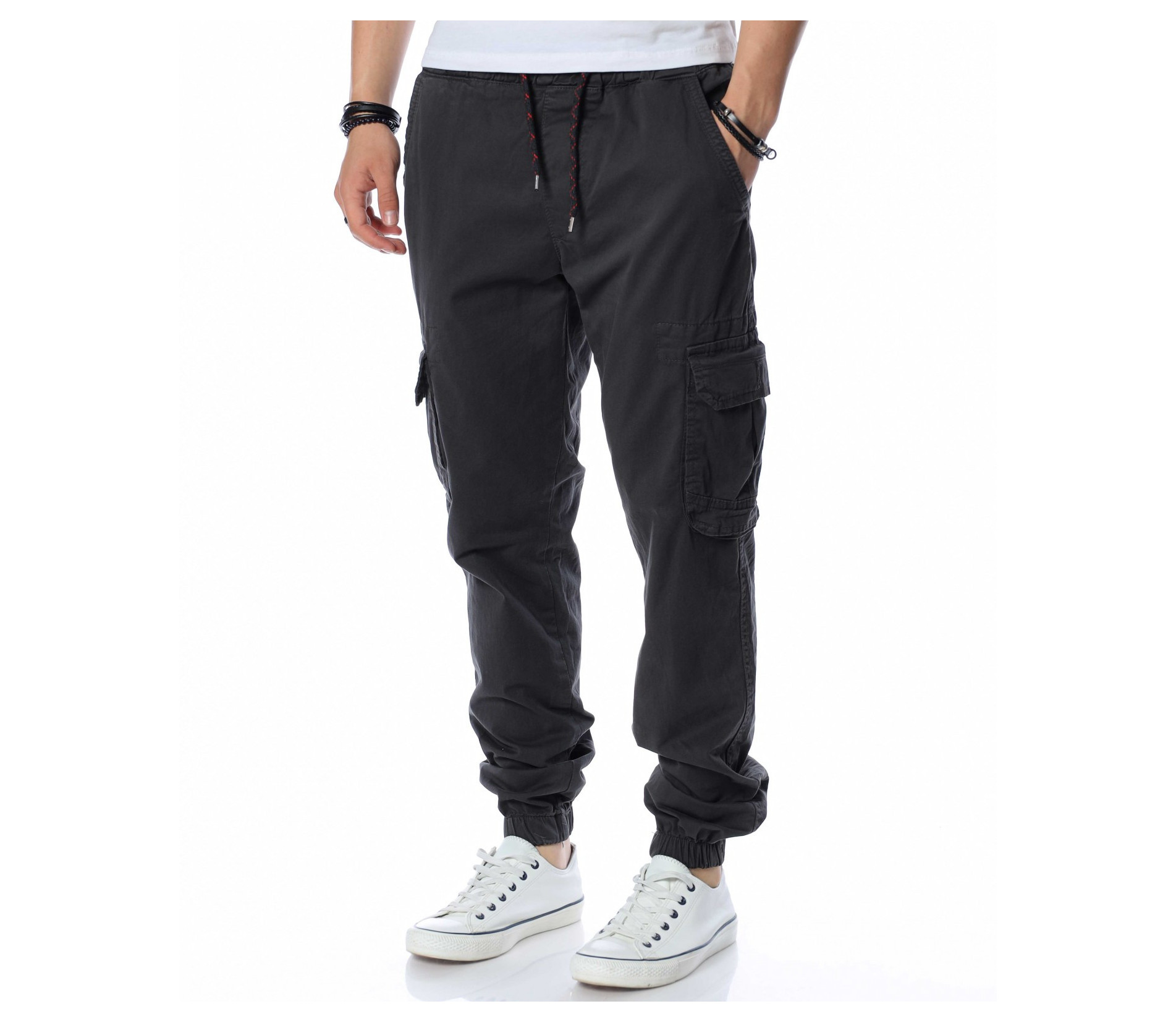 ОПИСАНИЕ НА ПРОДУКТА: Мъжкият гардероб е важно да бъде персонално създаден и много практичен, затова специално за вас сме подбрали - модерен, мъжки карго панталон. Цялата дължина е изчистена от всякакви декорации, а на талията са разположени връзки за по-лесно регулиране на ширината. Кройката приляга перфектно на тялото, а на крачолите е поставен ластичен маншет, който прилежно прибира крачола към глезена. От двете страни откриваме масивни карго джобове с капачета. Меката материя, от която е изработен, придава така желаният комфорт и удобство на тялото. Бъдете представителни за неофициалните поводи и изградете стилен имидж. Моделът позволява широко приложение и комбинация с подходящи кецове и тениски.
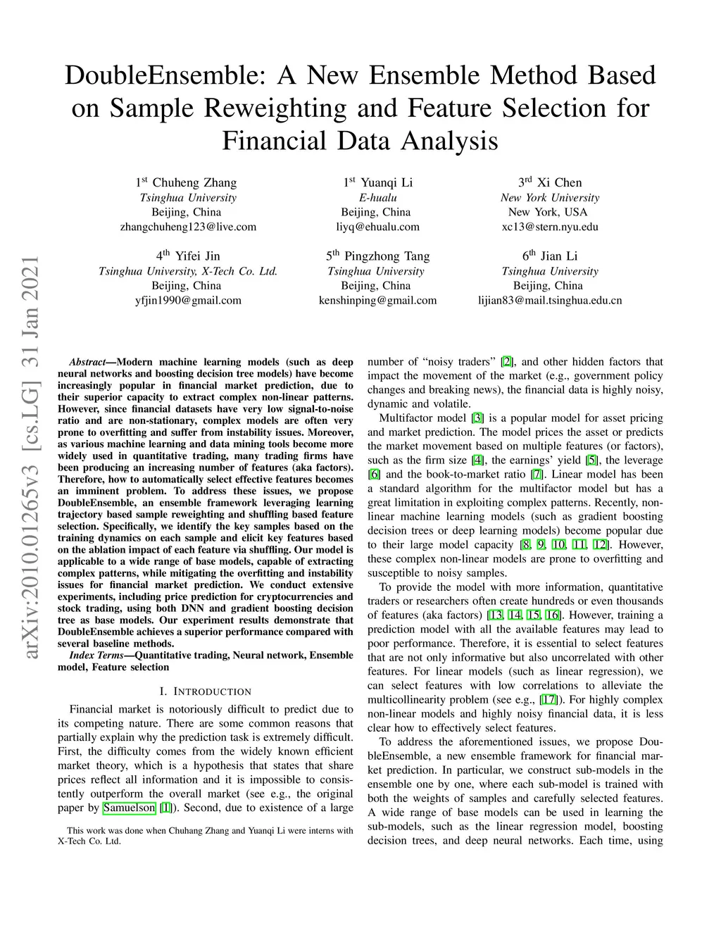 Modern machine learning models (such as deep neural networks and boosting decision tree models) have become increasingly popular in financial market prediction, due to their superior capacity to extract complex non-linear patterns. However, since financial datasets have very low signal-to-noise ratio and are non-stationary, complex models are often very prone to overfitting and suffer from instability issues. Moreover, as various machine learning and data mining tools become more widely used in quantitative trading, many trading firms have been producing an increasing number of features (aka factors). Therefore, how to automatically select effective features becomes an imminent problem. To address these issues, we propose DoubleEnsemble, an ensemble framework leveraging learning trajectory based sample reweighting and shuffling based feature selection. Specifically, we identify the key samples based on the training dynamics on each sample and elicit key features based on the ablation impact of each feature via shuffling. Our model is applicable to a wide range of base models, capable of extracting complex patterns, while mitigating the overfitting and instability issues for financial market prediction. We conduct extensive experiments, including price prediction for cryptocurrencies and stock trading, using both DNN and gradient boosting decision tree as base models. Our experiment results demonstrate that DoubleEnsemble achieves a superior performance compared with several baseline methods.
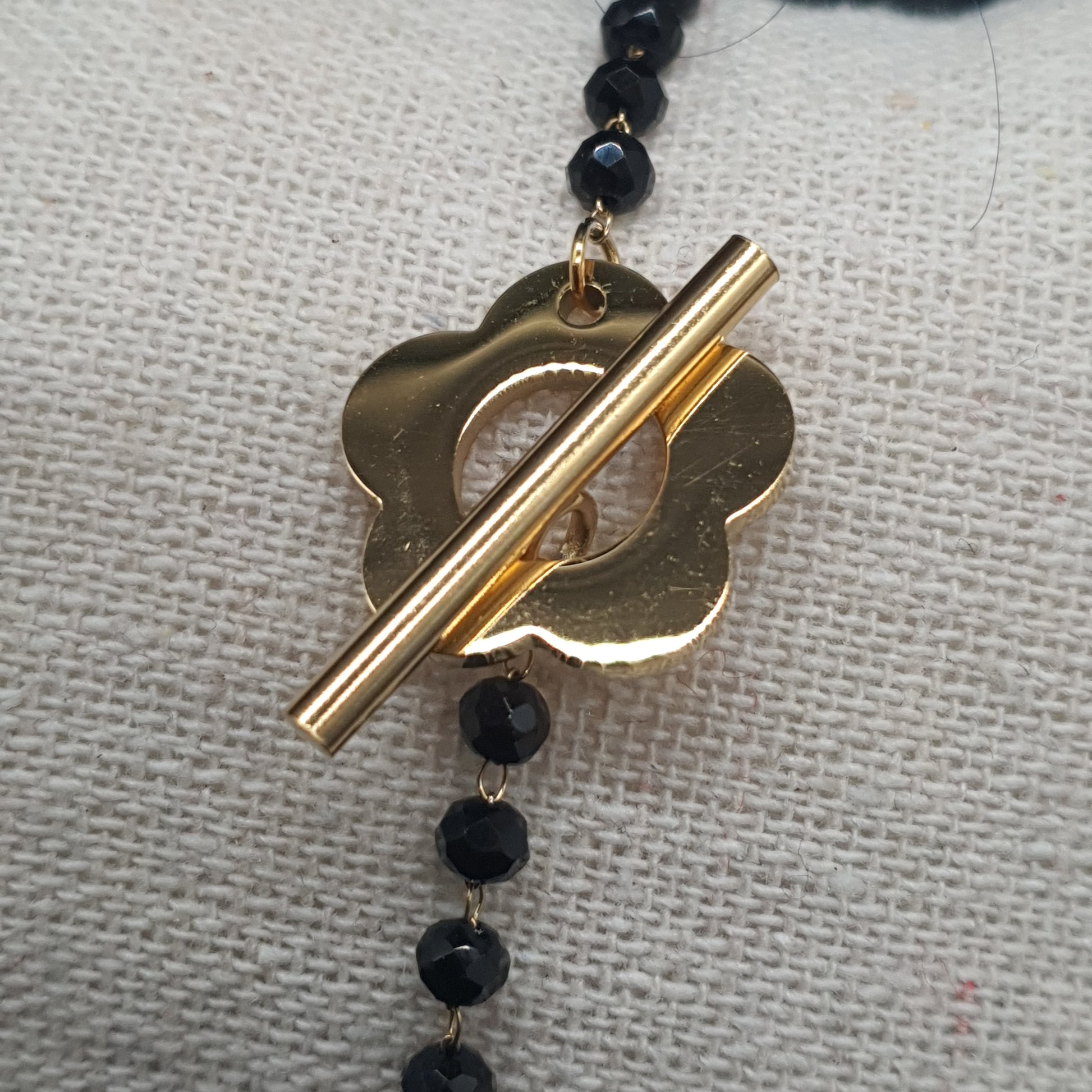 Bracelet chaîne fine acier doré perles facettées hématite – fermoir fleur
○ ○ ○
▶ ABOUT THIS EXERCISE:
The data above should be restated exactly, with its images dropped.

▶ TASK OUTPUT:
 ОПИСАНИЕ НА ПРОДУКТА: Мъжкият гардероб е важно да бъде персонално създаден и много практичен, затова специално за вас сме подбрали - модерен, мъжки карго панталон. Цялата дължина е изчистена от всякакви декорации, а на талията са разположени връзки за по-лесно регулиране на ширината. Кройката приляга перфектно на тялото, а на крачолите е поставен ластичен маншет, който прилежно прибира крачола към глезена. От двете страни откриваме масивни карго джобове с капачета. Меката материя, от която е изработен, придава така желаният комфорт и удобство на тялото. Бъдете представителни за неофициалните поводи и изградете стилен имидж. Моделът позволява широко приложение и комбинация с подходящи кецове и тениски.
 Modern machine learning models (such as deep neural networks and boosting decision tree models) have become increasingly popular in financial market prediction, due to their superior capacity to extract complex non-linear patterns. However, since financial datasets have very low signal-to-noise ratio and are non-stationary, complex models are often very prone to overfitting and suffer from instability issues. Moreover, as various machine learning and data mining tools become more widely used in quantitative trading, many trading firms have been producing an increasing number of features (aka factors). Therefore, how to automatically select effective features becomes an imminent problem. To address these issues, we propose DoubleEnsemble, an ensemble framework leveraging learning trajectory based sample reweighting and shuffling based feature selection. Specifically, we identify the key samples based on the training dynamics on each sample and elicit key features based on the ablation impact of each feature via shuffling. Our model is applicable to a wide range of base models, capable of extracting complex patterns, while mitigating the overfitting and instability issues for financial market prediction. We conduct extensive experiments, including price prediction for cryptocurrencies and stock trading, using both DNN and gradient boosting decision tree as base models. Our experiment results demonstrate that DoubleEnsemble achieves a superior performance compared with several baseline methods.
 Bracelet chaîne fine acier doré perles facettées hématite – fermoir fleur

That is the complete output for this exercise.